The Plovdiv Museum of Ethnography
The Plovdiv Regional Museum of Ethnography is the second largest museum of its kind in Bulgaria. It was founded in 1917, and in 1938 it relocated to the Kuyumdzhiev House in Plovdiv’s Old Town, declared a cultural landmark in the 4th volume of the State Records for 1995.
The wealth of items on exhibit represent the traditional culture of Thrace, the Rhodopes, and The Central Balkan Mountains during the Bulgarian Awakening (18th-19th centuries). The permanent exhibit of agriculture and animal husbandry demonstrates the foundational importance of these activities for the region’s population. Some of the period’s most characteristic traditional crafts on display here are the production of woolen clothing and multi-colored woolen embroidery, pottery, copper work, and wrought ironwork. The museum also displays a representative range of the goldsmith’s art. There are exhibits of decorative plates and church salvers, traditional folk costumes, fabrics, and rugs, musical instruments and ritual objects. Typical interiors are on views from the city of Koprivshtitsa, the Rhodopes, and the city of Plovdiv, to convey a sense of the region’s habits and customs.
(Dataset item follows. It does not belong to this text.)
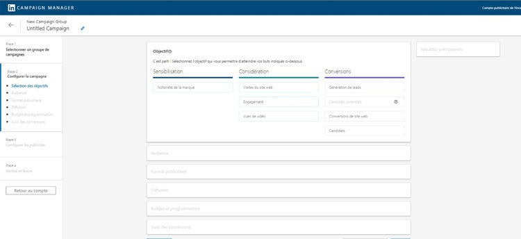 LinkedIn a inclus une zone « Résultats prévisionnels » dans la partie droite de l’écran pour vous donner un aperçu des résultats que vos sélections produiront et du coût potentiel de votre publicité. Utilisez-la pour déterminer si le type de publicité correspond à votre campagne et votre budget. Les prévisions s’actualisent automatiquement lorsque vous modifiez des paramètres tels que l’objectif, l’audience et le format publicitaire.

The representational art is represented by over 100 valuable paintings, icons, figurines, panels, carvings and works of metal. Among the artists represented are Simeon Velkov (1885-1966); Kosta Forev; Georgi Bozhilov – Slona (1935-2001); Dimitar Kirov (1935-2008); and Kolyu Vitkovski (1925-1999).
With an inventory of over 2000 photographs, the museum’s photography exhibit offers a substantial introduction to the research and visual records of life in Plovdiv and the surrounding regions – portraits, clothing, architecture, daily life, festivals, and other subjects. Most of the photographs are in black and white on cardboard and date from the beginning of the 20th century and were taken by the most accomplished photographers of their day.
The museum includes The Plovdiv Fair, a unique tapestry completed in 1888 by Ivan Markvichka (1856-1938) – one of the first works depicting everyday life in a Bulgarian city after the country’s liberation in 1878.